▸ **Task statement**:
Although the records contain pictures, none belong in the copy: restate word for word only the lines from the one with "Robes Décontractées >" through the one with "广深科技创新走廊的产业源头,番禺首个省级", both included.

▸ **Data to process**:
▬▬▬

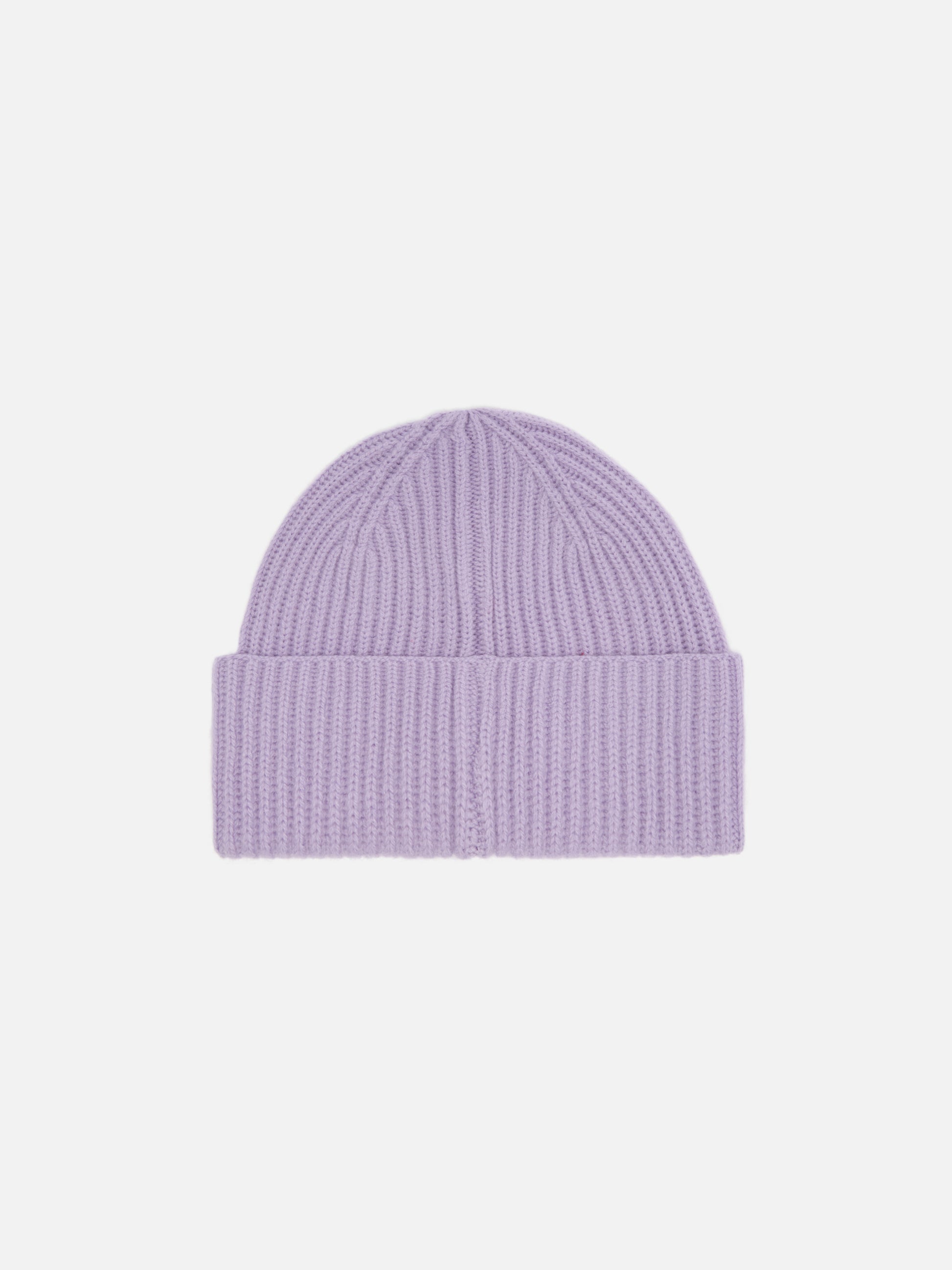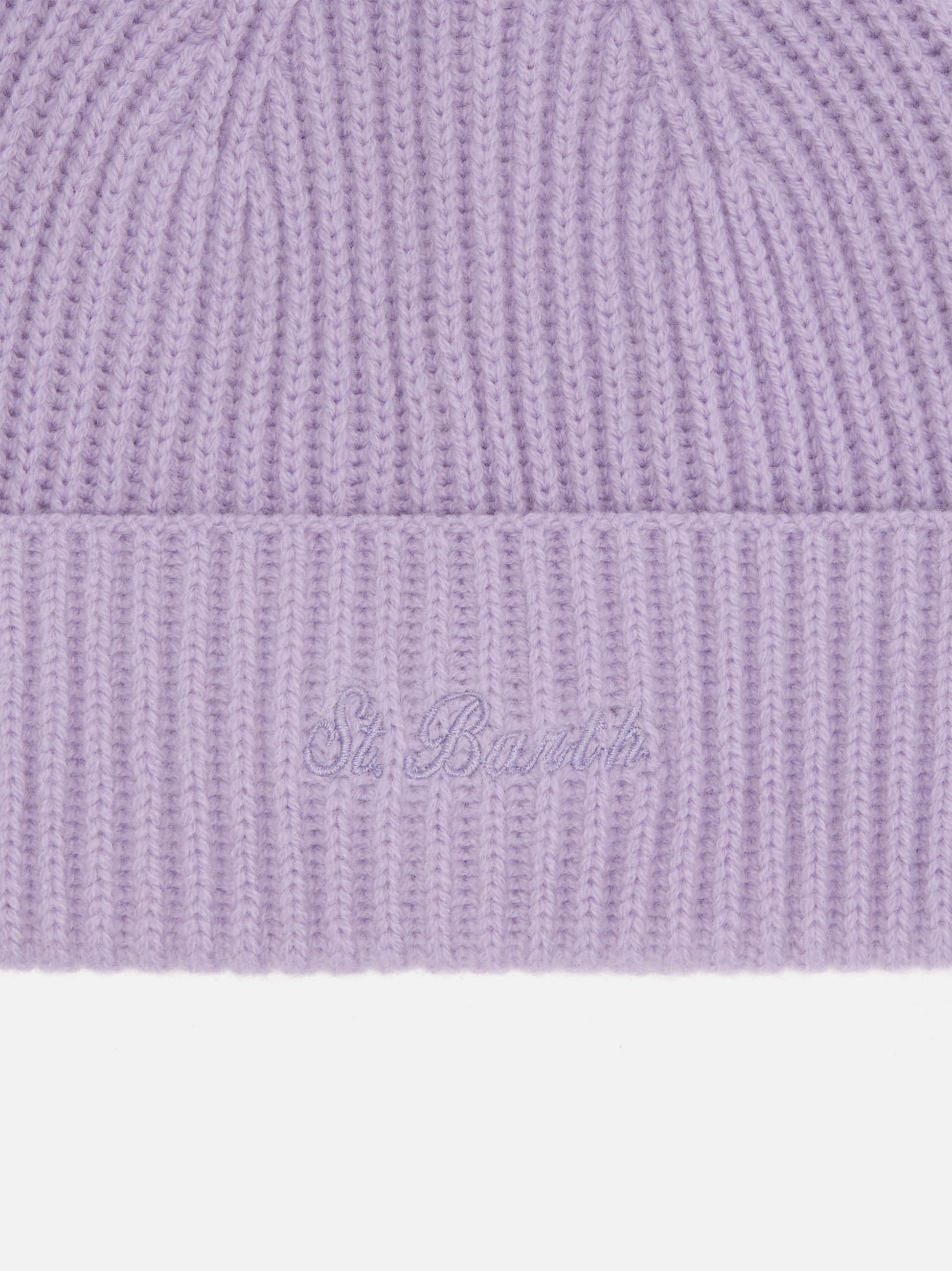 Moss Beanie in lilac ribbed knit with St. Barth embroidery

▬▬▬

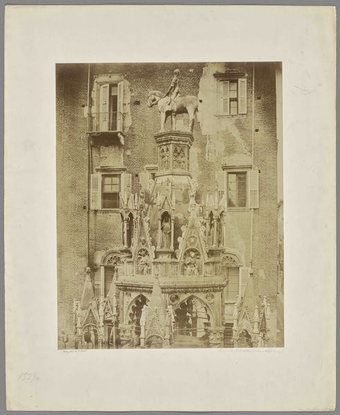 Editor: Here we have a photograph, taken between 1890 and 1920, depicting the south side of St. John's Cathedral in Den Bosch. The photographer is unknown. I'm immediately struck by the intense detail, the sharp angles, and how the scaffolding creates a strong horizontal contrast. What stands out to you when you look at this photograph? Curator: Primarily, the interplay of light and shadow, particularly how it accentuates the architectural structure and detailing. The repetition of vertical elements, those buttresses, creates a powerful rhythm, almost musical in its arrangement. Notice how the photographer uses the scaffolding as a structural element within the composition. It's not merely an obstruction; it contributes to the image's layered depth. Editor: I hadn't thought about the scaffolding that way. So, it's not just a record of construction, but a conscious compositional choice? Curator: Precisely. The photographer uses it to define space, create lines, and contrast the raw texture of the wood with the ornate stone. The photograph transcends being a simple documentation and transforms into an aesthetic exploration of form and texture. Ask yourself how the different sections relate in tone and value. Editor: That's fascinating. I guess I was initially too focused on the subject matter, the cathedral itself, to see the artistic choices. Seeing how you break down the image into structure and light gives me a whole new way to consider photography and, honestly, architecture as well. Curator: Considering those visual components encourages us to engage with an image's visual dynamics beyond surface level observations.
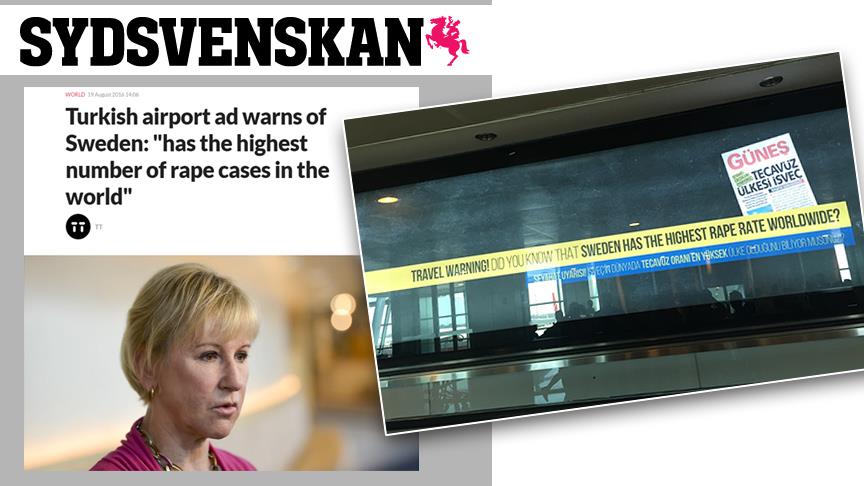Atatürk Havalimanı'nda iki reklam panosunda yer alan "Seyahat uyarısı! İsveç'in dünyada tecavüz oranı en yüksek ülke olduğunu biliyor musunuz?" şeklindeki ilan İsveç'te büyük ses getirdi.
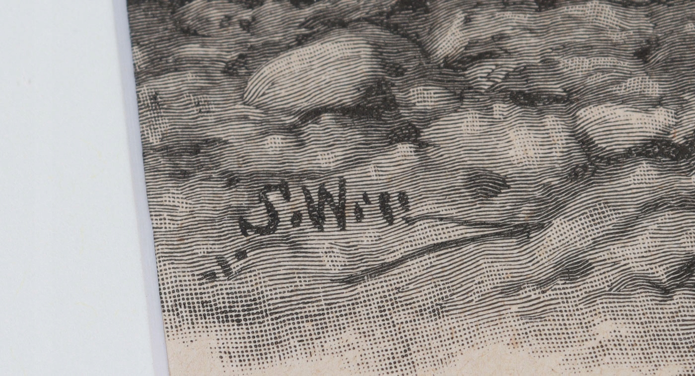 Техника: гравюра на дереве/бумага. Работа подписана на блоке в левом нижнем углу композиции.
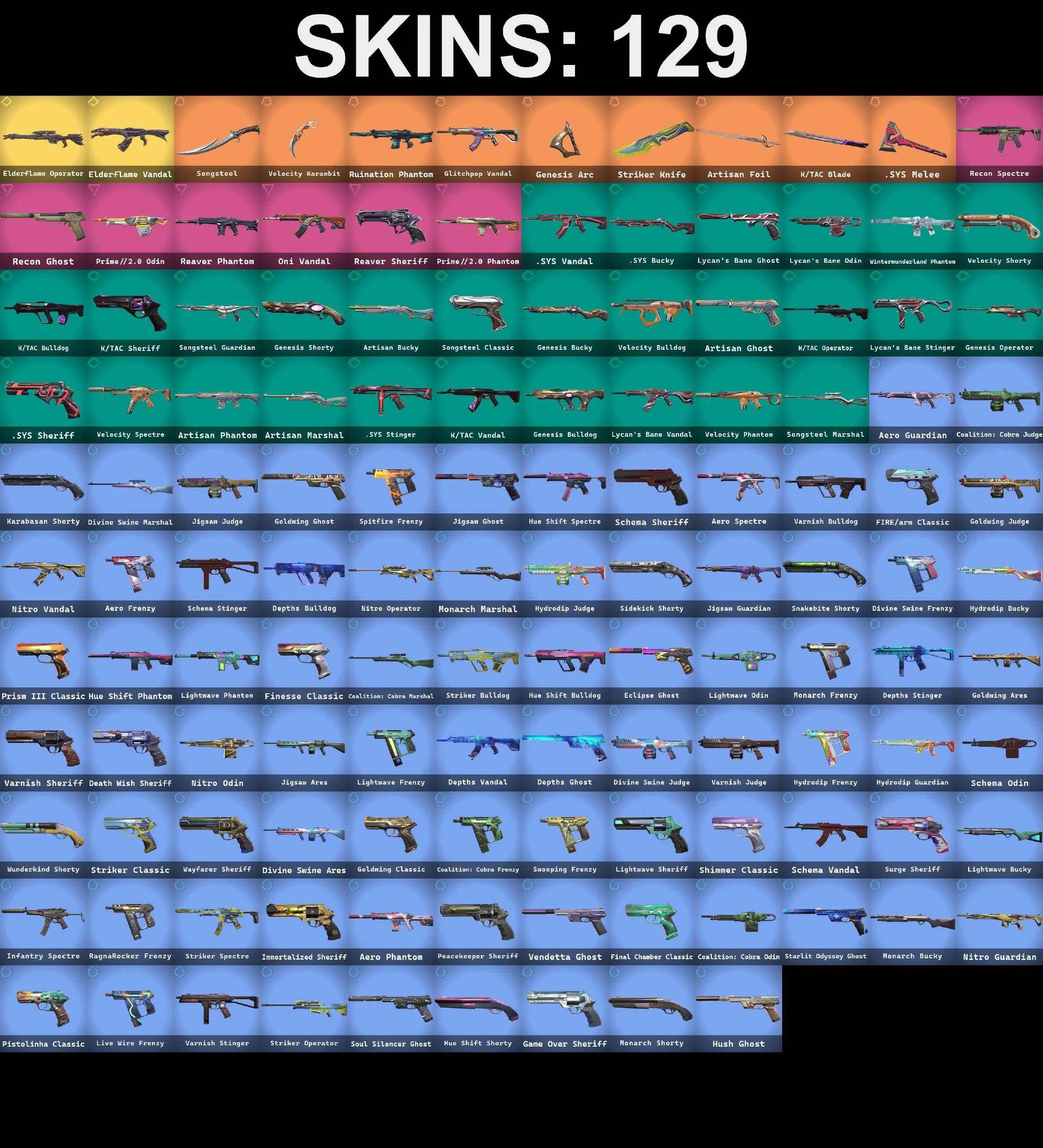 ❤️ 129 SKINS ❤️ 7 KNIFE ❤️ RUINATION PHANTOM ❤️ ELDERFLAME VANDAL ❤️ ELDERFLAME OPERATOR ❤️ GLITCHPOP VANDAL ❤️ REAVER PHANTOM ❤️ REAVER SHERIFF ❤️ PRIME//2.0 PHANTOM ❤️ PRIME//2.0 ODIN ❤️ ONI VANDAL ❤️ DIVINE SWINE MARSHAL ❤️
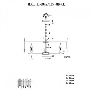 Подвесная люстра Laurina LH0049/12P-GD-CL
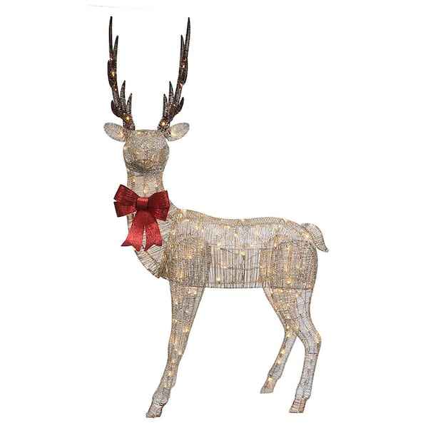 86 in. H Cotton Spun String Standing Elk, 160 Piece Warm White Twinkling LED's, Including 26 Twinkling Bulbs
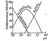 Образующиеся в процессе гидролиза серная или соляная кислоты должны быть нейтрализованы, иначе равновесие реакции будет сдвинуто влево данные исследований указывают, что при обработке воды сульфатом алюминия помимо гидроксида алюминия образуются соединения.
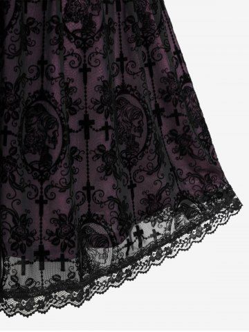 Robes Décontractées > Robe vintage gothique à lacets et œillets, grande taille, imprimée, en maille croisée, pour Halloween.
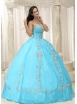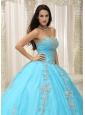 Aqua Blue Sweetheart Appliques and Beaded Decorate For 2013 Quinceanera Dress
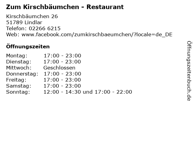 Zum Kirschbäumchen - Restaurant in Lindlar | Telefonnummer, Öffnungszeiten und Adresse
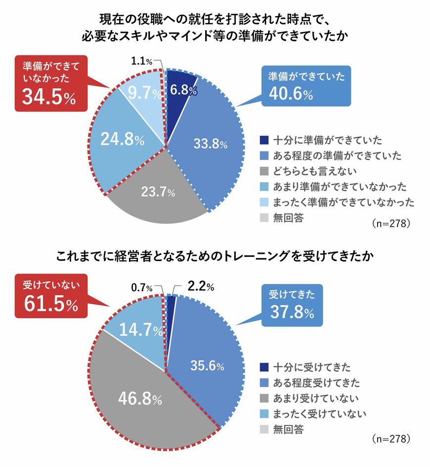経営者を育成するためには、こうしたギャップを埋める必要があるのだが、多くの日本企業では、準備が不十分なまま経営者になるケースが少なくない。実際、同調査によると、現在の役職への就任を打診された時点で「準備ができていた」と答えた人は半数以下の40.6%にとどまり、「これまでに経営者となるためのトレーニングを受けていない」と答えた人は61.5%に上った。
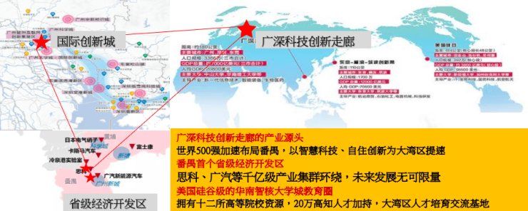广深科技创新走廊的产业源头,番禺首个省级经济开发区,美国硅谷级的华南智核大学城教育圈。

▬▬▬

▸ **Response to the task**:
 Robes Décontractées > Robe vintage gothique à lacets et œillets, grande taille, imprimée, en maille croisée, pour Halloween.
 Aqua Blue Sweetheart Appliques and Beaded Decorate For 2013 Quinceanera Dress
 Zum Kirschbäumchen - Restaurant in Lindlar | Telefonnummer, Öffnungszeiten und Adresse
経営者を育成するためには、こうしたギャップを埋める必要があるのだが、多くの日本企業では、準備が不十分なまま経営者になるケースが少なくない。実際、同調査によると、現在の役職への就任を打診された時点で「準備ができていた」と答えた人は半数以下の40.6%にとどまり、「これまでに経営者となるためのトレーニングを受けていない」と答えた人は61.5%に上った。
广深科技创新走廊的产业源头,番禺首个省级经济开发区,美国硅谷级的华南智核大学城教育圈。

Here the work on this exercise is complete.